Notably, the Guardian itself has said would not be able to report on equivalent disclosures about the UK under their official secrets act, but they are protected by the First Amendment in the US.

As for the past, the US was definitely far freer than most of western Europe through WWII, not having a permanent secret intelligence service for example. But since the end of the Cold War, the human rights situation in Euroope has probably caught up with the US, and exceeded it in some ways.

Submission + - MasterCard lifts Wikileaks donation block (reuters.com)

identity0 writes: Reuters and Russia Today are reporting that MasterCard has unblocked donations to Wikileaks, according to a press release. Their Icelandic data center won a lawsuit against the local credit card processor VALITOR, and their MasterCard account has been activated. Wikileaks says Julian Assange's legal defense is paid from a separate fund. Donations to Wikileaks went down 95 percent after the major credit card companies blocked their account in 2010. Their PayPal account is still frozen.

Comment Re:Just how much storage capacity would one requir (Score 1) 621

No, re-read his comments. He only mentions that they are recording all voice traffic, not all data. He goes on to say that all digital communications is insecure, but not that they're actively recording all data traffic.

Voice comms is very low in bitrate, and it hasn't scaled up exponentially like general internet traffic, so I have no doubt that the technical capability to do what he says exists.
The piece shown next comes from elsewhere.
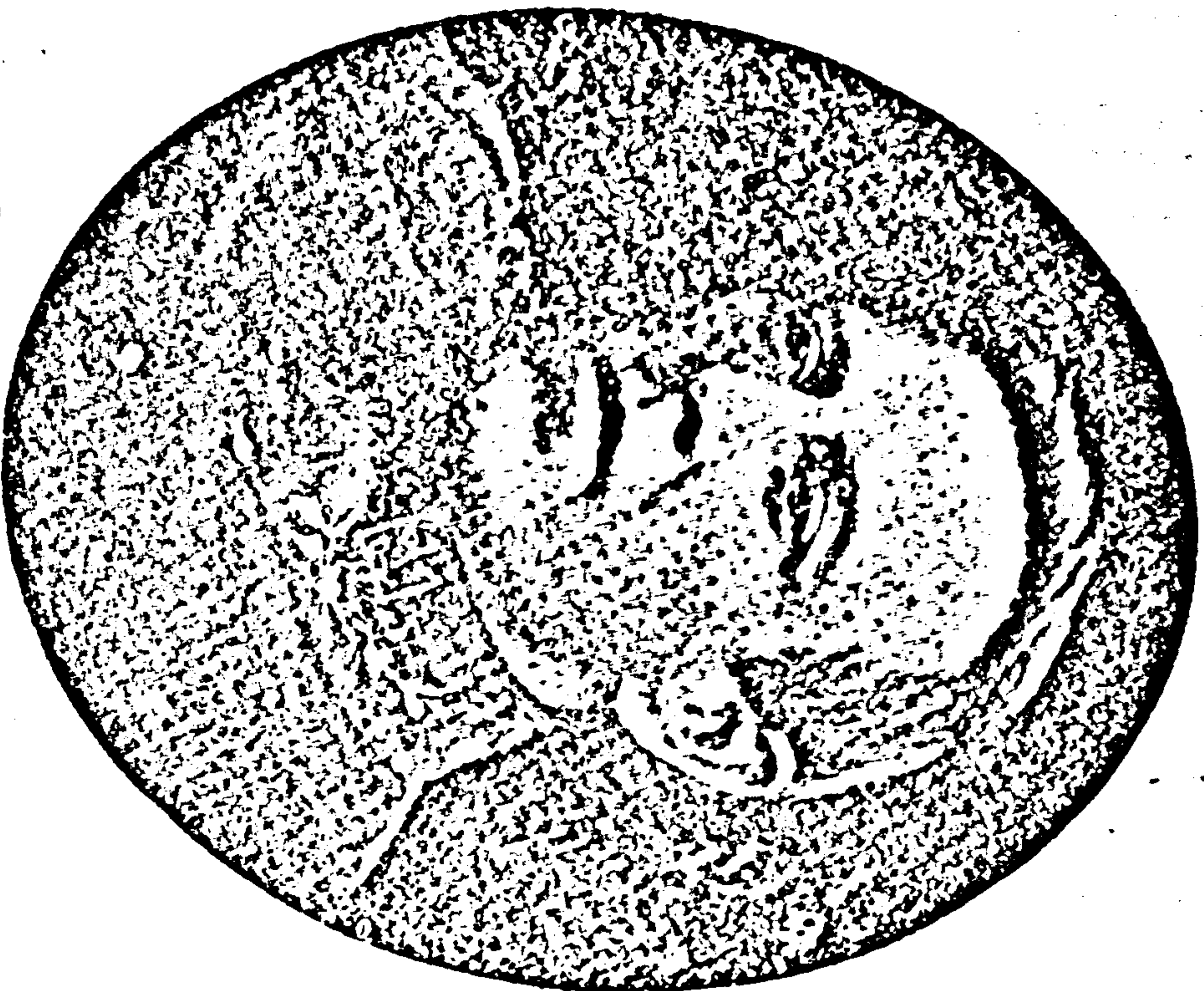
Результат Отчужд С. В. Петлюра

Whether they are actually doing it is a separate question.

Comment Re:Well the ultimate value of Bitcoin is (Score 2) 605

I am not a economist, but I am related to one...
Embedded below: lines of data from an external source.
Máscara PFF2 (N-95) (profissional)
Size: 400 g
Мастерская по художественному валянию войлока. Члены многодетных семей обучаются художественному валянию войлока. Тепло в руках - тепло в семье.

While it's technically true to say that "Currency is only worth what people think it's worth" and that it's a socailly-constructed value, you are ignoring the underlying economic reasons why people assign greater value to one than the other.

The value of a US dollar is based on the power and stability of the US economy and Federal Government. No matter how bad things may seem right now for the US economy, it is much better than trusting a random internet craze, and no one doubts that it will be around in 100 years, hence people buy 100 year bonds. Even the currency of a small country like Sweden is a better bet than bitcoin.

I've looked into bitcoin, and while I think the idea is cryptographically sound, there is one problem with the concept: While there are built-in limits to inflation within bitcoin, there is nothing preventing someone else from building "Bitcoin 2" or "Crypto-coins" with the same concept but different keys. If merchants are willing to take bitcoin, what is to prevent them from also accepting any other crypto currency, thus devaluing the whole pool?

The value of currency as an investment is dependent on how much it will be worth in the long run, and while I am sure "bitcoins" will be around in 10 years, what will its value be? Will be around in 100 years?

And this is ignoring the issue this article bring up, that with a newly-consructed pool of currency with much fewer users, it is much more prone to currency manipulation than dollars or euros.

Comment Re:"it isn't real, you are a flake" (Score 1) 800

The counter-argument to that would be that when John Brown attempted an insurrection against the country, they tried him in a court and executed him. When a individual or some conspirators attempt to fight the country, that is well within the bounds of the regular law enforcement.

It's when you have entire governments and literally tens of thousands of men forming an insurrection that you bring out the canons.